>>>

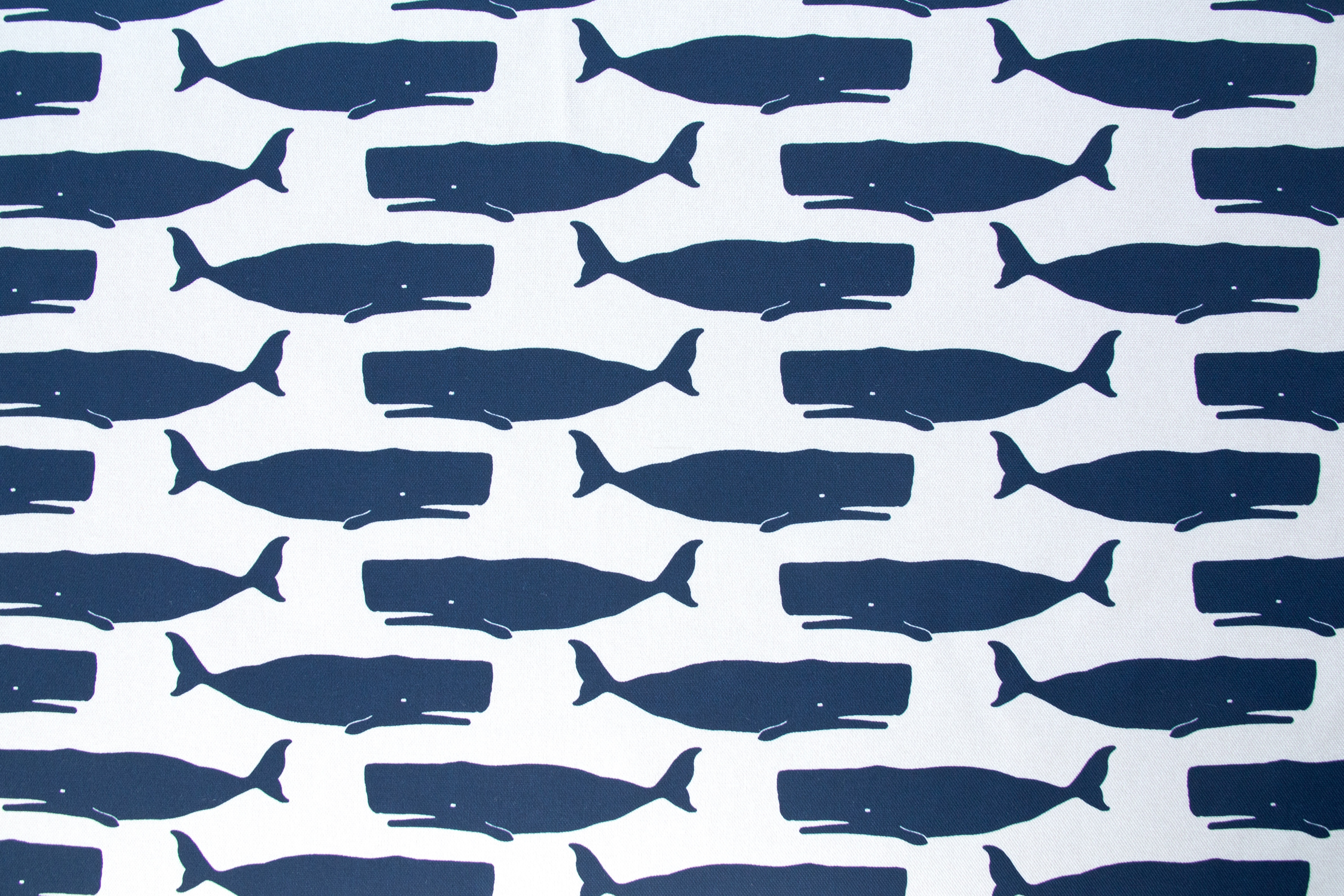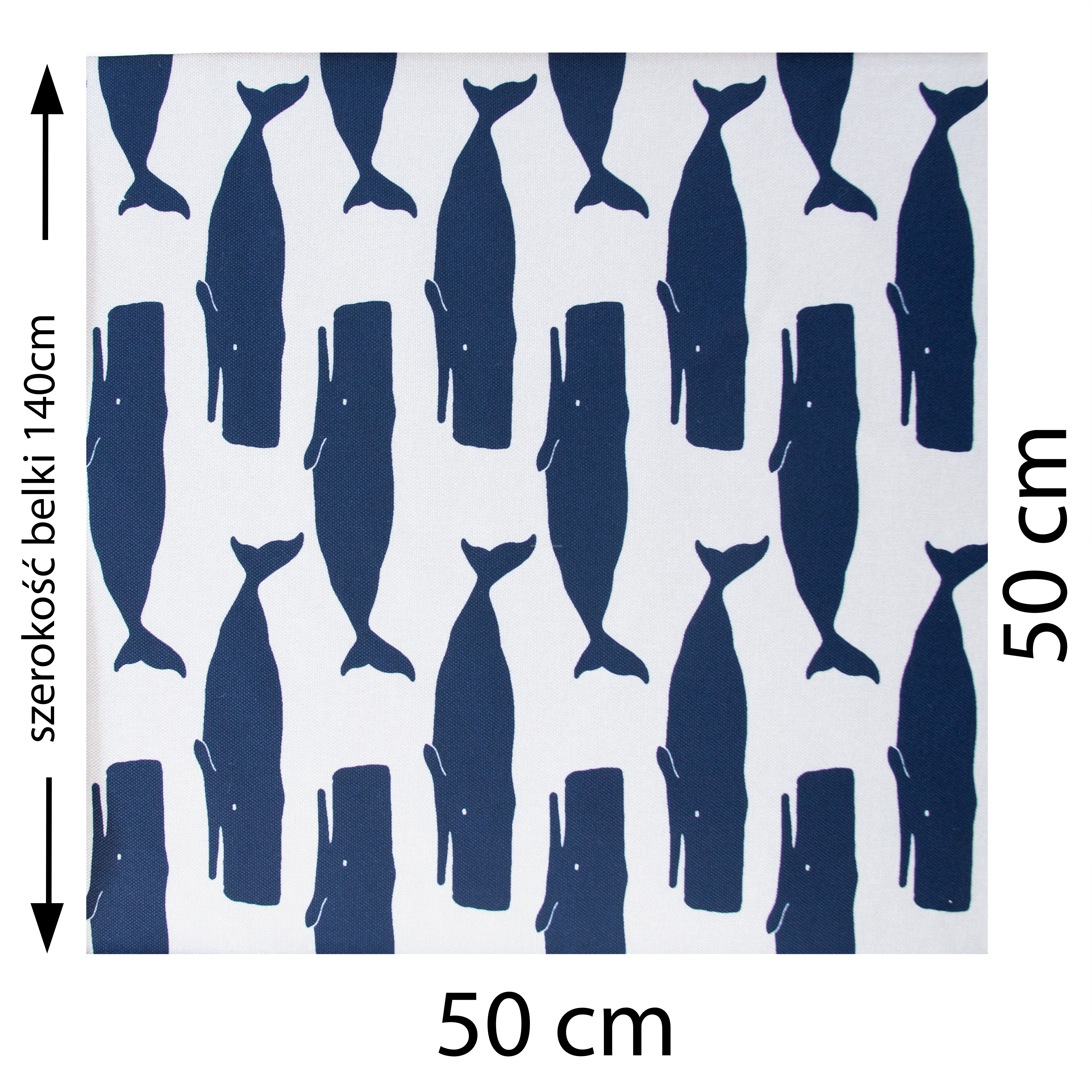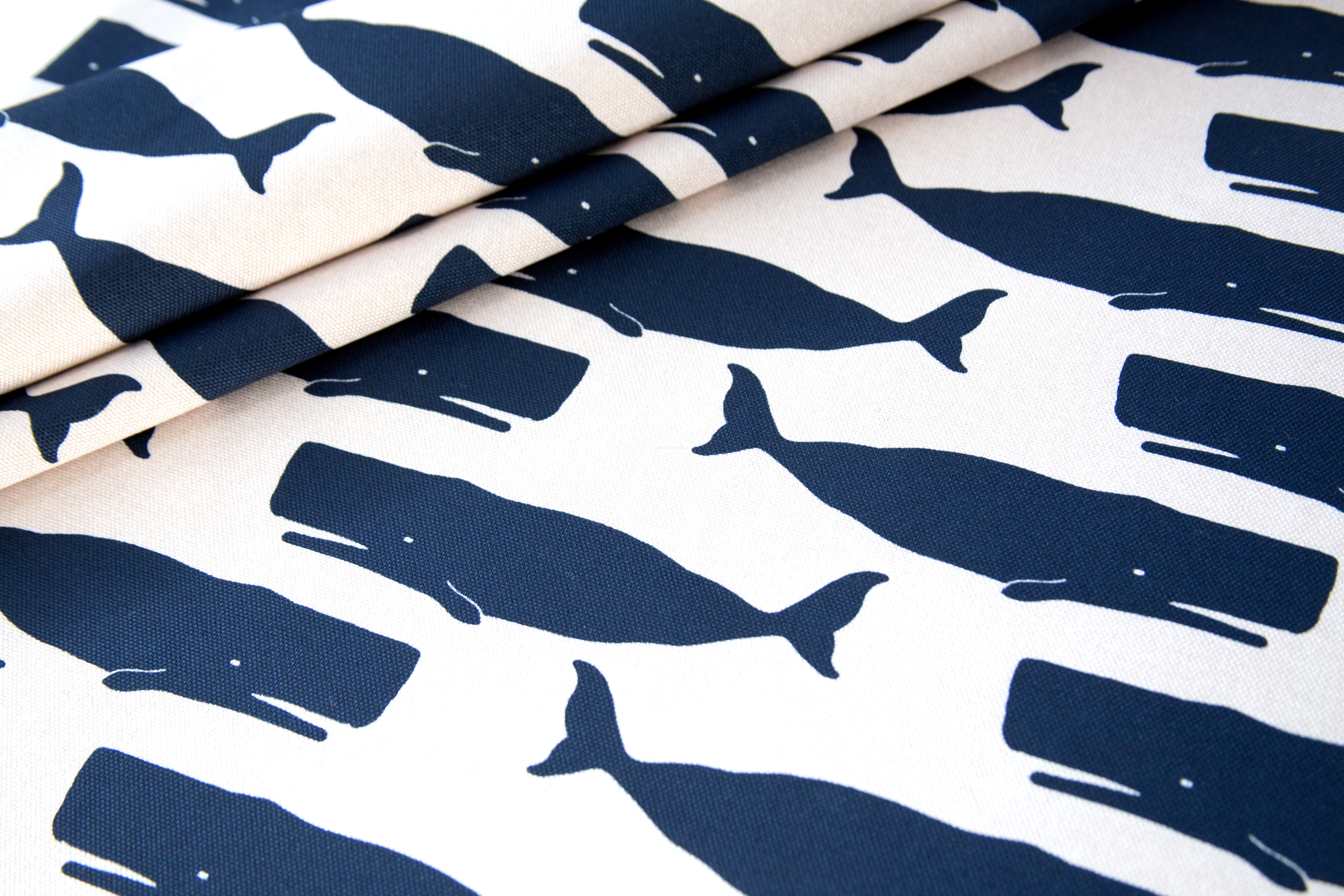 Tkanina Wieloryby to materiał o drobnym, gęstym splocie z zachwycającym wzorem granatowych wielorybów. Delikatna w dotyku, a jednocześnie mocna, trwała i odporna na codzienne użytkowanie, doskonale sprawdzi się w rozmaitych aranżacjach nie tylko inspirowanych morzem i naturą.
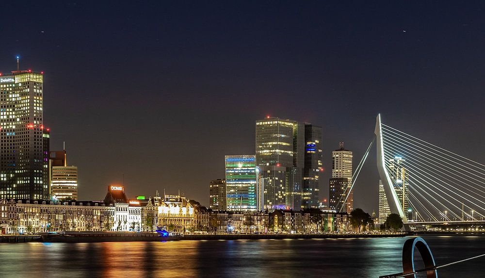 Über "Die Skyline und die Erasmusbrücke von Rotterdam am Abend"
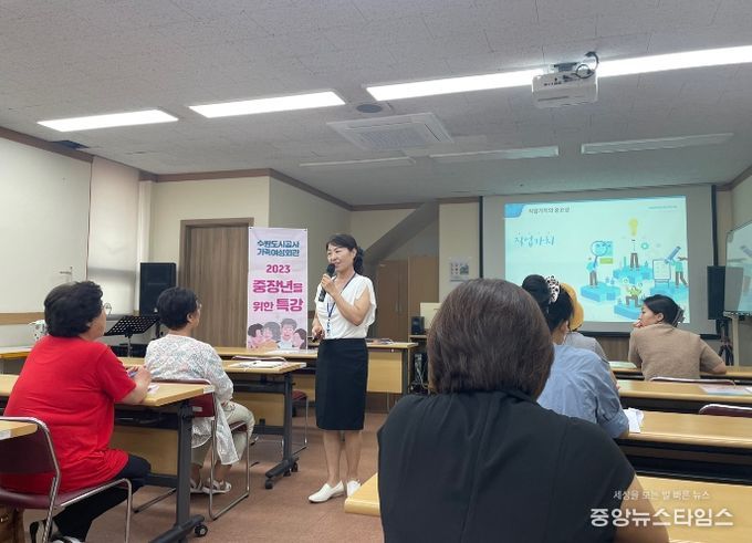 (중앙뉴스타임스 = 이광운 기자) 수원시 팔달여성새로일하기센터와 수원시가족여성회관은 15일 가족여성회관 문화관에서 ‘2023 중장년 여성 사회재참여 맞춤특강’을 열었다.
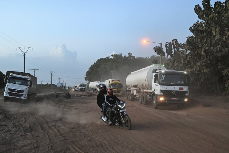 Des camions-citernes maliens à l'entrée de Boundiali, dans le nord de la Côte d'Ivoire, le 30 octobre 2025, en direction de Yamoussoukro et d'Abidjan pour charger du pétrole. Illustration de l'insécurité sahélienne qui représente une menace pour les économies ouest-africaines comme la Côte d'Ivoire.
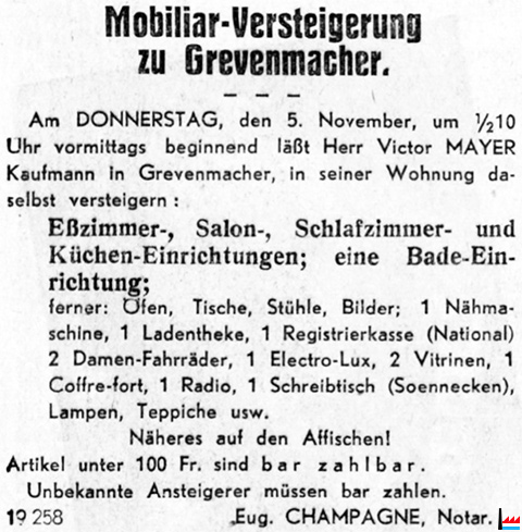 | 10.1936 | Grevenmacher - Le prix des immeubles - Une maison de commerce et d’habitation, sise au coin dit „Prosteneck“, appartenant à M. Victor Mayer, a été adjugée à M. Fritz Gehlhausen-Fischer, cafetier à Grevenmacher, pour le prix de 250.000 fr. (Luxembourg - Journal du Matin: 20.10.1936) |
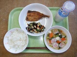 ごはん、いわしのかばやき、大豆とひじきのあえもの、鬼かまぼこ入りすまし汁、牛乳

<<<

• _Task directions_
Start at the line above containing "Skyline und die" and stop at the line containing "Des camions-citernes maliens": print those lines and everything between them exactly, but not the pictures.

• _Task result_
 Über "Die Skyline und die Erasmusbrücke von Rotterdam am Abend"
 (중앙뉴스타임스 = 이광운 기자) 수원시 팔달여성새로일하기센터와 수원시가족여성회관은 15일 가족여성회관 문화관에서 ‘2023 중장년 여성 사회재참여 맞춤특강’을 열었다.
 Des camions-citernes maliens à l'entrée de Boundiali, dans le nord de la Côte d'Ivoire, le 30 octobre 2025, en direction de Yamoussoukro et d'Abidjan pour charger du pétrole. Illustration de l'insécurité sahélienne qui représente une menace pour les économies ouest-africaines comme la Côte d'Ivoire.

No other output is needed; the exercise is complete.